BEGIN Input for this task

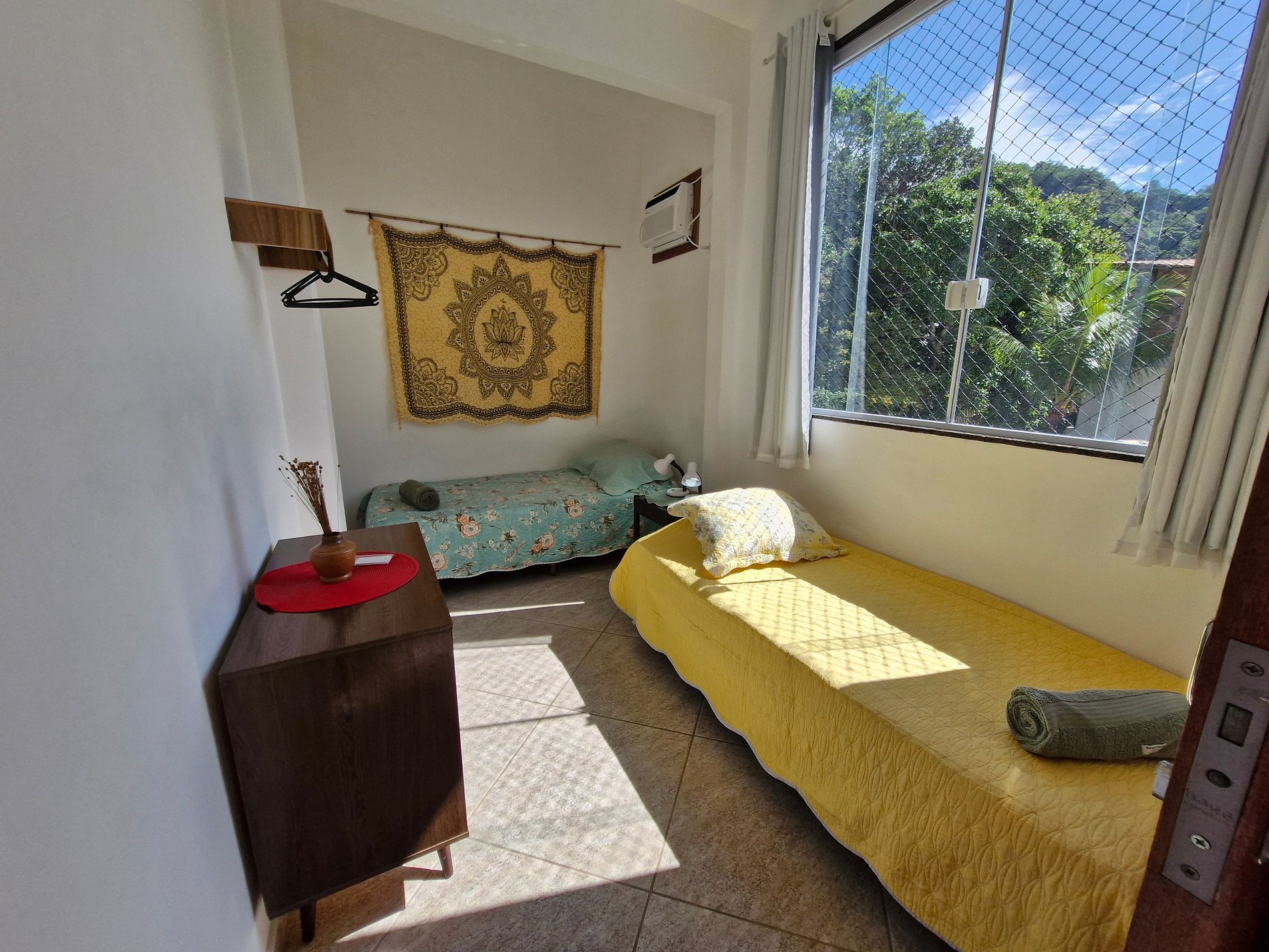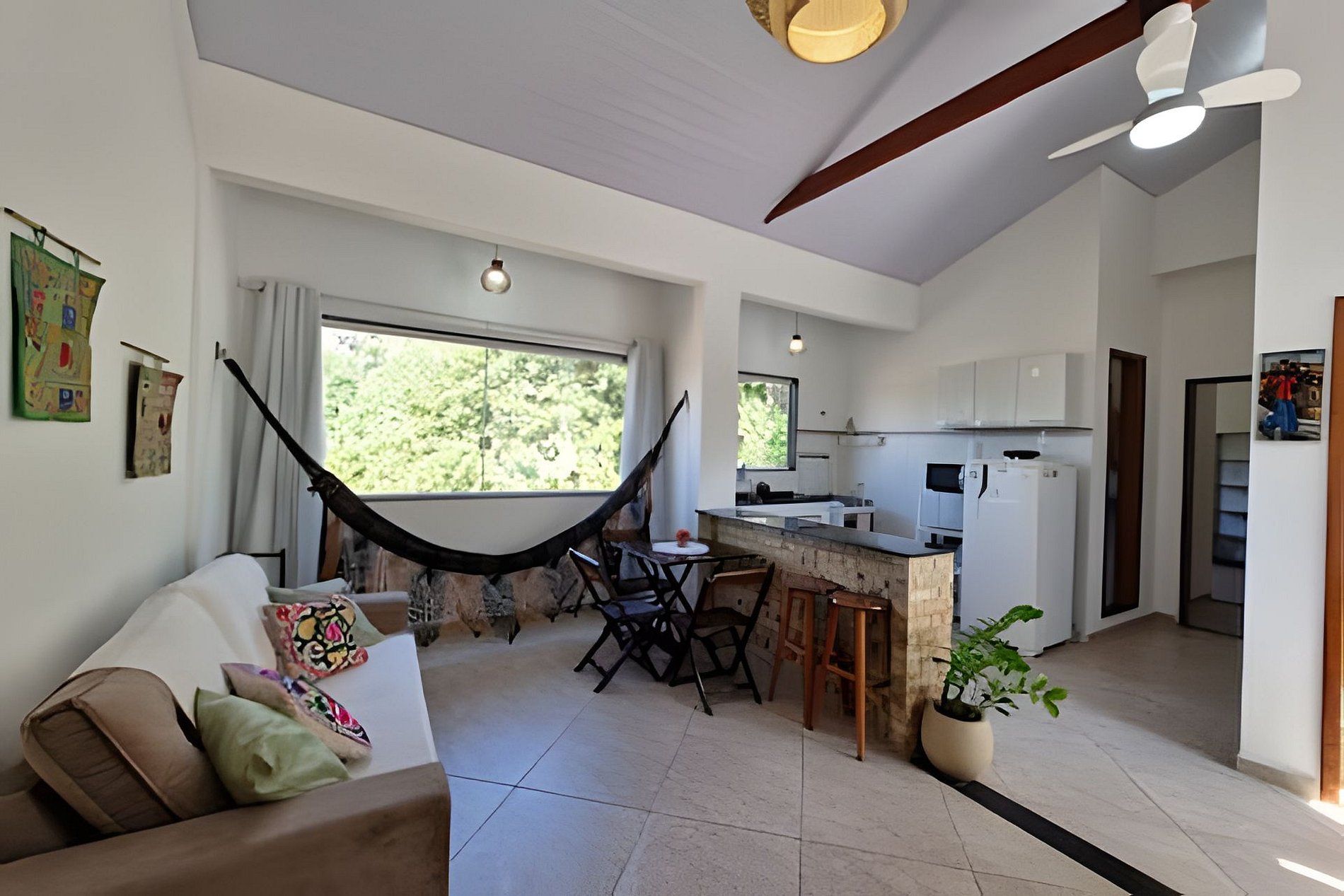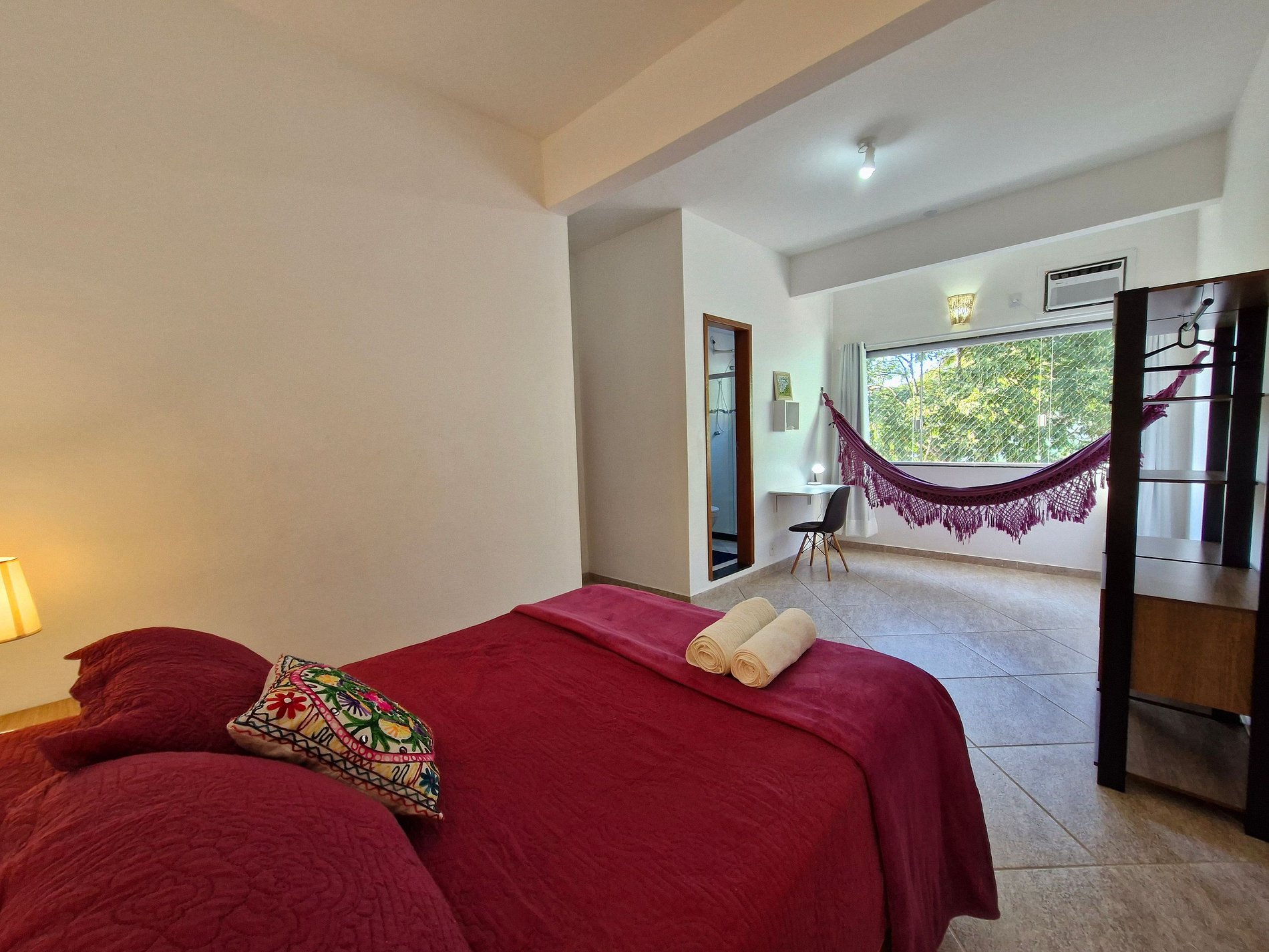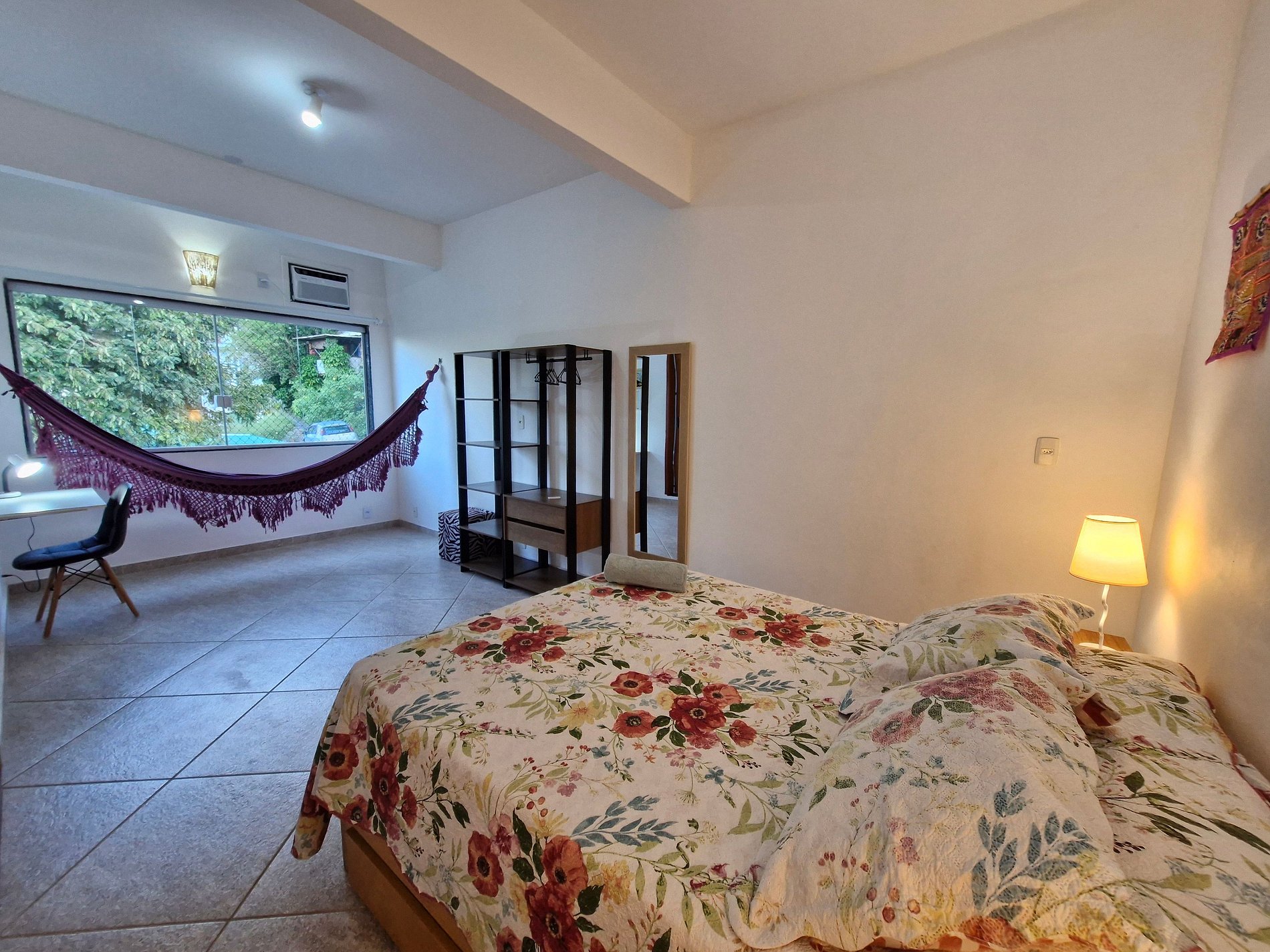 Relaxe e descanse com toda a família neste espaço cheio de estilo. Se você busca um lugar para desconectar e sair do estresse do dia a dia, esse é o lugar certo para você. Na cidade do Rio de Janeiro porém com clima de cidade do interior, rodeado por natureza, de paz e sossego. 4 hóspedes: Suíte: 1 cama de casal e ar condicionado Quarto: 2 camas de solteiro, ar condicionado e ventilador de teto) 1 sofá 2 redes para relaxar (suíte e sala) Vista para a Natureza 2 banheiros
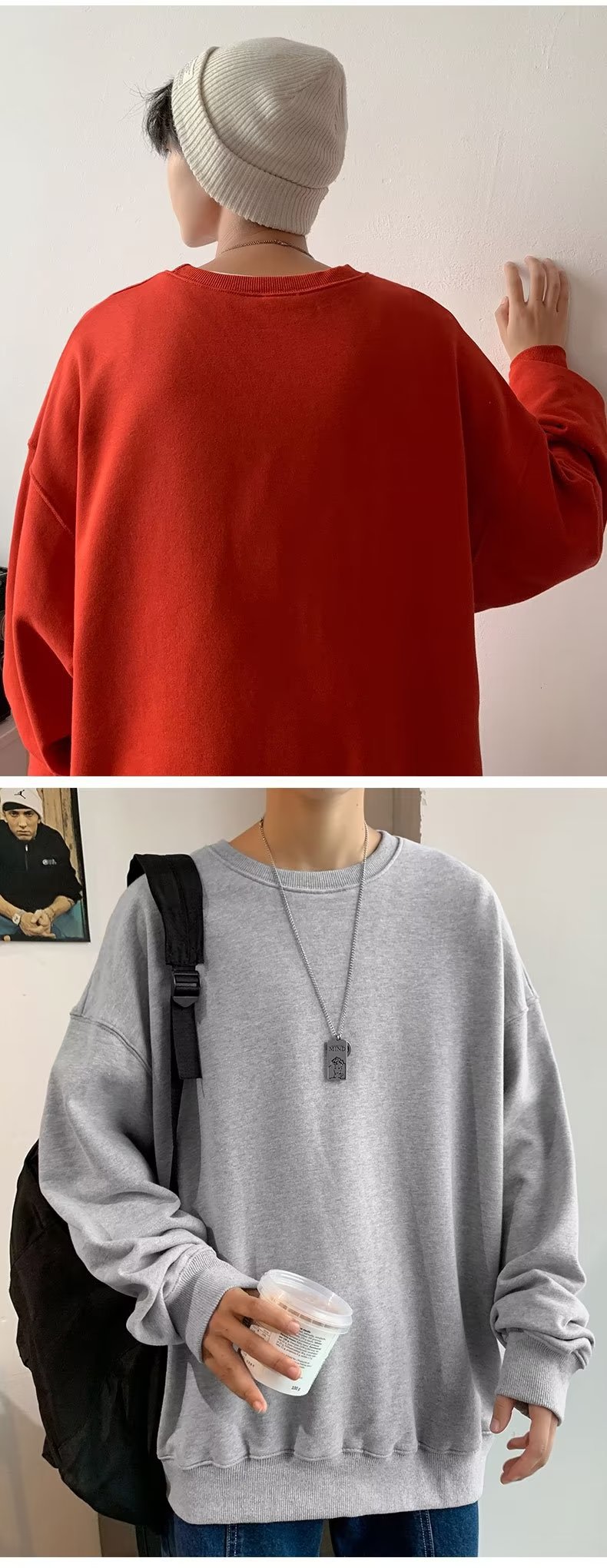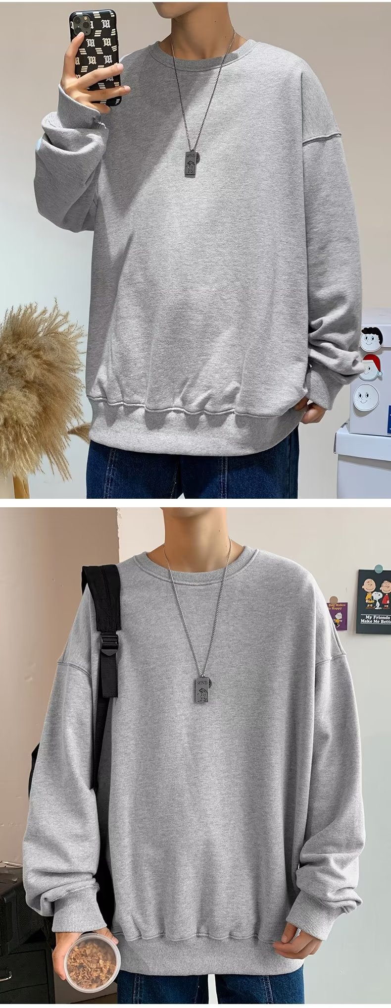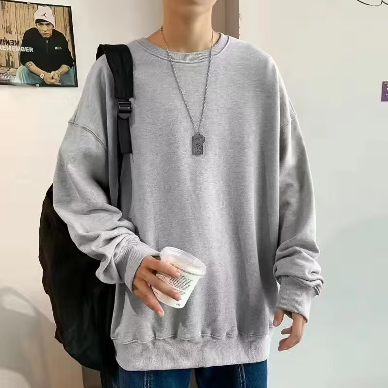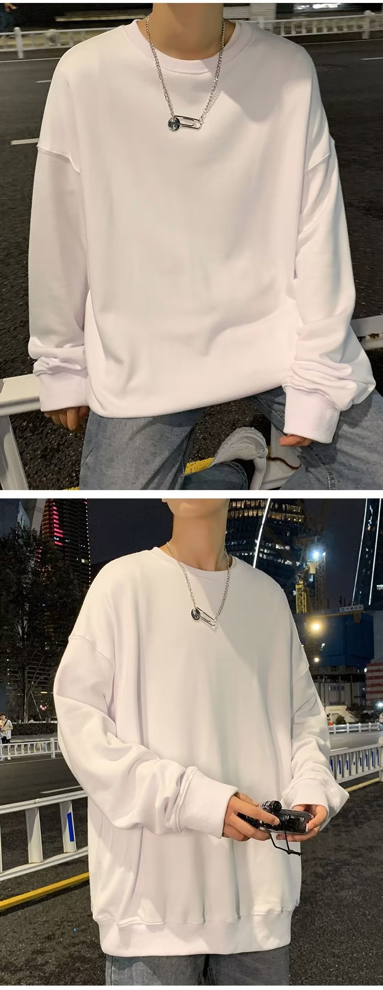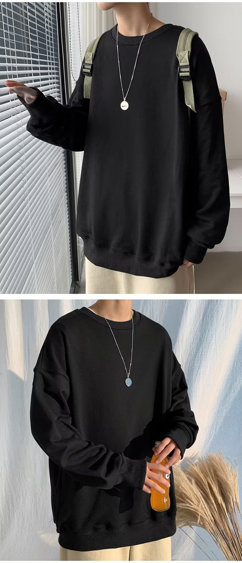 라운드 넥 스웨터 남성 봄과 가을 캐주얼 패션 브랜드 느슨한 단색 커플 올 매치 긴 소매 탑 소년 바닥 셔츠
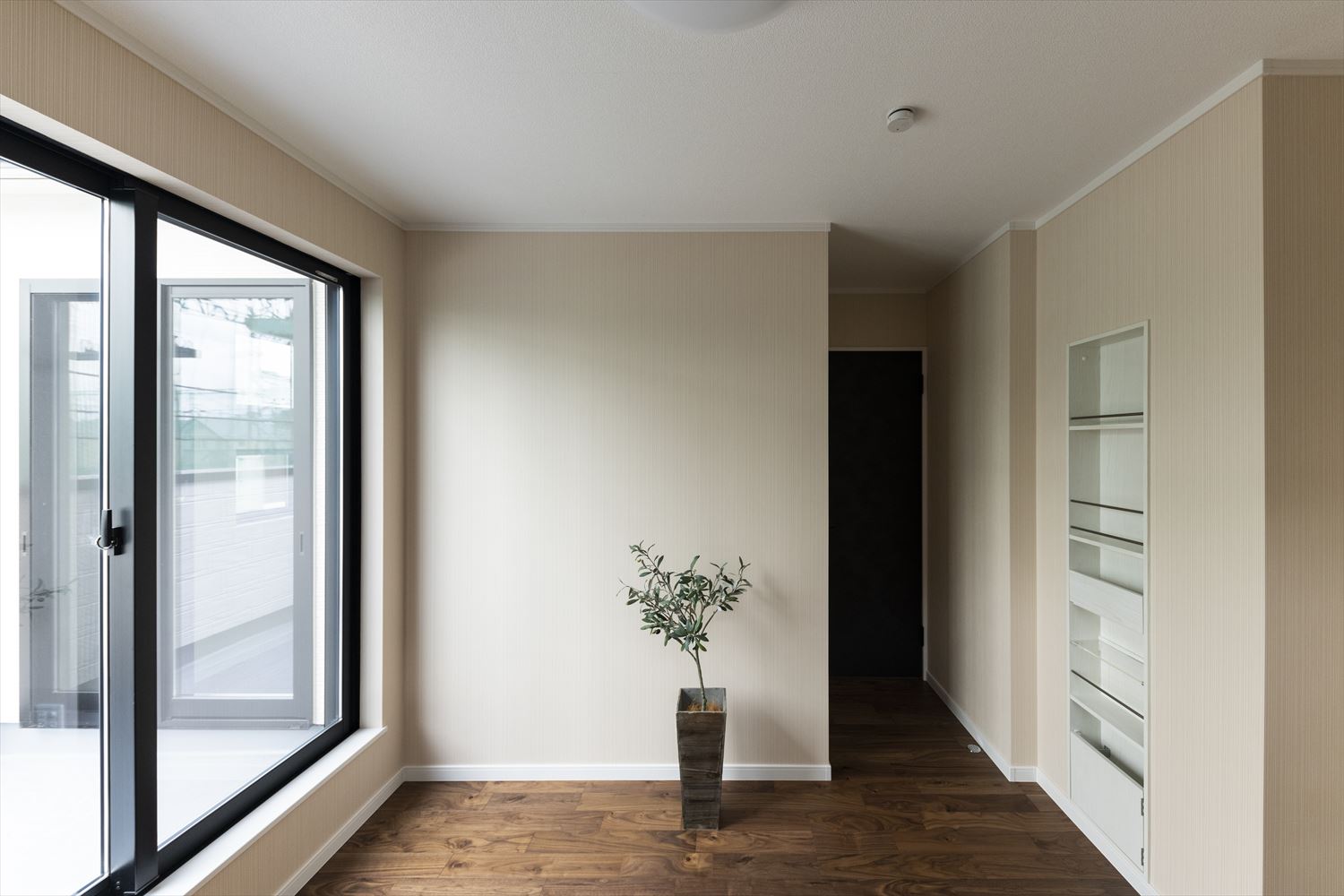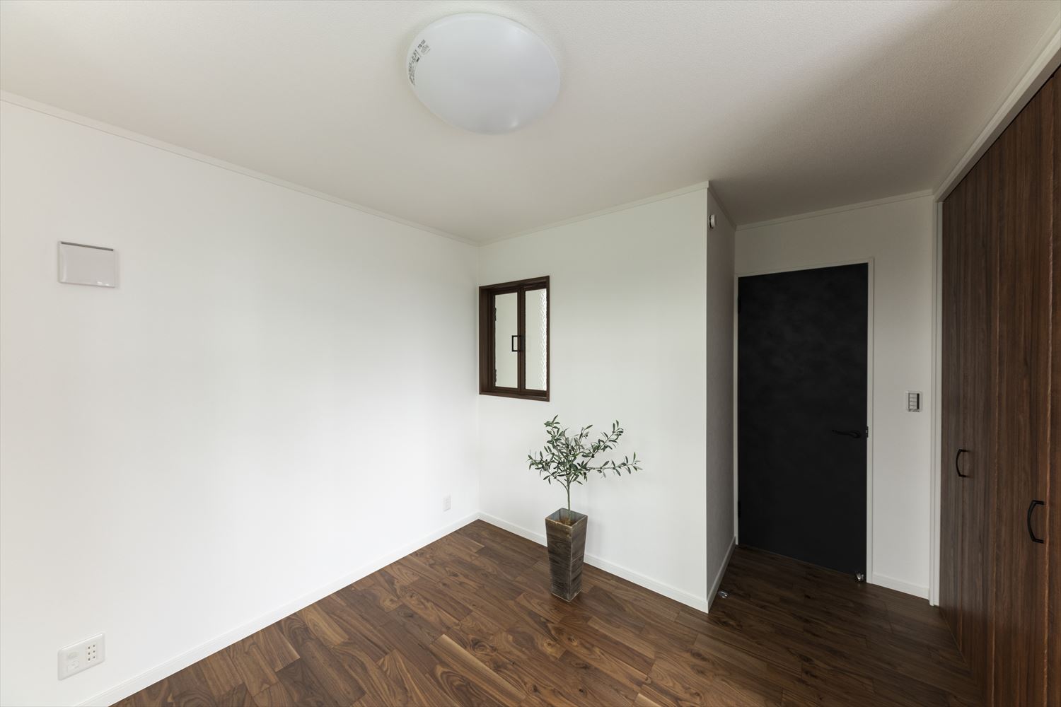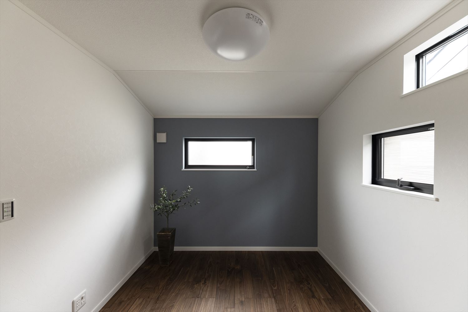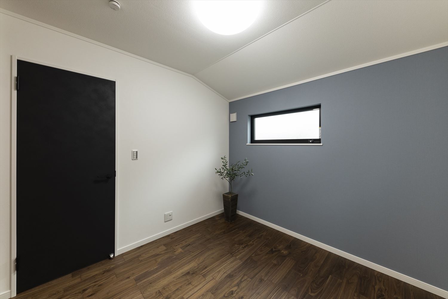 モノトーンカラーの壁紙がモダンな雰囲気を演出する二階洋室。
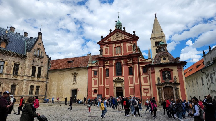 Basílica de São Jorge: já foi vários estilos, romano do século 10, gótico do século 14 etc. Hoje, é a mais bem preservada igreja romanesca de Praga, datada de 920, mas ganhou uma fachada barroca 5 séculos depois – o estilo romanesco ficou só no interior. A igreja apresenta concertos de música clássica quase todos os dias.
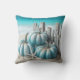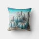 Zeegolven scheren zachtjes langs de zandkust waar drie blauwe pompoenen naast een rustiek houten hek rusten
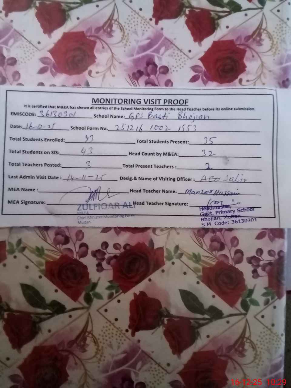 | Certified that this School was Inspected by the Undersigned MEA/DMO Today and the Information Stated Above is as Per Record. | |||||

END Input for this task

● **Exercise**
The reply needs to repeat exactly the line containing "Zeegolven scheren zachtjes" and each line after it, through the final line of the entries above, and to skip the pictures.

● **Written answer**
 Zeegolven scheren zachtjes langs de zandkust waar drie blauwe pompoenen naast een rustiek houten hek rusten
 | Certified that this School was Inspected by the Undersigned MEA/DMO Today and the Information Stated Above is as Per Record. | |||||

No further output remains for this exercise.